For very busy images, crop hard to isolate one region, or extract a larger set and then delete the colors you do not need. For low-contrast or hazy images, expect muted, closely spaced swatches; that is faithful to the source. If you need more punch, extract first to capture the relationships between colors, then increase the contrast and saturation across the whole palette in the editor so it stays cohesive.

Common use cases

  • Brand and mood boards. Pull a palette from a reference photo that captures the feeling you are after, then build type, layout, and imagery around those colors.
  • Illustration references.

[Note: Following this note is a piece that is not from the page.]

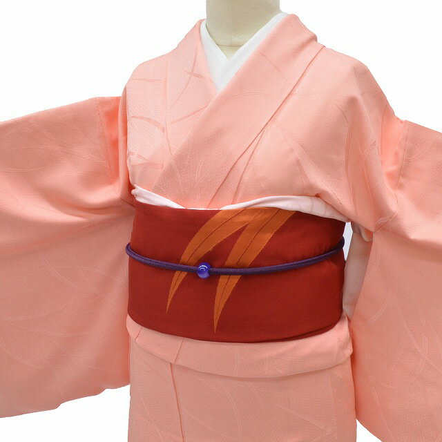【30%OFF★在庫復活】色無地 名古屋帯 セット リサイクル着物 正絹 仕立て上がり 紋付 帯締め 帯揚げ付き コーディネート 身丈 160cm 裄 64.5cm ピンク色系 良品★★★ 【中古】 【着物ひととき】 qq2370b

Extract from a master painting, a film still, or a photograph to study how an artist balanced warm and cool tones, then carry that scheme into your own piece.
  • UI themes. Turn a single hero image or product photo into a coherent set of interface colors, then export it as CSS variables or another developer-friendly format and wire it into your styles.
  • Interior and fashion inspiration. Lift the palette from a room, an outfit, or a textile so you can match paint, fabric, or accessories with confidence instead of guessing.

What to do next

An extracted palette is raw material. A few steps turn it into something you will actually use:

  • Refine it. Open the palette in the Palette Studio editor to reorder, adjust, and lock swatches until the relationships feel intentional.
  • Check the harmony. Compare your swatches against established relationships like complementary, analogous, and triadic schemes. Our guide to color theory explains how those work, and our walkthrough on how to choose a color palette covers narrowing many candidates down to a final set.
  • Browse what others made. See how other artists and designers have approached similar subjects in the Swatchery community, and study a curated set of palette examples for ideas you can adapt.
  • Export it. Send the finished palette to Photoshop, Procreate, GIMP, CSS, or any of the other supported targets so it lands ready to use in your workflow.

Closing

Extracting a palette is the quickest way to move from "I like the colors in this image" to a set of swatches you can paint, design, and build with. Let the algorithm find the candidates, then trust your eye to refine them. Start with the image-to-palette extractor, polish the result in the editor, and you will have a palette that is both grounded in a real reference and tuned for your project.